Distributed Runs

Overview

With Spell you can easily distribute your code to run across a number of processes simultaneously (optionally distributed across multiple machines). Open MPI is used to facilitate coordination and communication across the parallel processes. Furthermore, if you are using a machine type with a GPU, then the NVIDIA Collective Communications Library (NCCL) is used to accelerate the inter-GPU communication and data transfer.

You might find the distributed run feature particularly useful for doing distributed deep learning. The horovod library comes pre-installed in distributed runs and can be used to easily distribute an existing TensorFlow, Keras, PyTorch, or MXNet model across multiple GPUs, which can drastically reduce training time.

Note

Distributed runs are only available to Teams plan subscribers. If you're interested in upgrading to a Teams plan, contact us at support@spell.run.
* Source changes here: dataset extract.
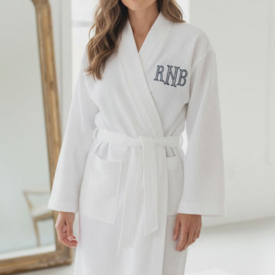 Celebrate your special moments in style with our custom embroidered white cotton waffle knit bridal robe. This lightweight spa-style robe is perfect for wedding morning makeup, bridal party getting ready photos, bachelorette spa girls weekend trip matching outfit, mother of the bride robe gift, and personalized bridesmaid gifts.

Creating a distributed run

The spell run command has a --distributed N option that you can specify to distribute your run across N machines. N must be an integer greater than or equal to 1. For example, the following command will actually run the <command> on two separate K80 machines simultaneously:

$ spell run --machine-type K80 --distributed 2 <command>

Spell automatically infers the number of GPUs per machine type, if applicable, and will spin up 1 process per GPU per machine. For example, the following command will spin up 8 processes on 4 separate machines to utilize all 32 GPUs:

$ spell run --machine-type K80x8 --distributed 4 <command>

The --distributed 1 option can also be specified to leverage Open MPI and NCCL to start multiple processes on a single machine if there are multiple GPUs on the machine.

Example

In this example we will do a distributed run to train MNIST on two separate GPUs using the horovod library.

  1. First, you'll need to set up Spell in your AWS account. Next, navigate to "Clusters" in the sidebar and create a machine type that is one of the GPU instance types. Substitute the name of this machine type for <machine_type_name> in the commands below.

  2. Clone the horovod repository:

        $ git clone https://github.com/horovod/horovod.git
        

  3. Create the distributed run to train MNIST
        $ cd horovod/examples
        
        $ spell run -t <machine_type_name> --framework tensorflow --distributed 2 python keras_mnist.p
        

You should then see the Keras logs for MNIST training on two separate GPU machines.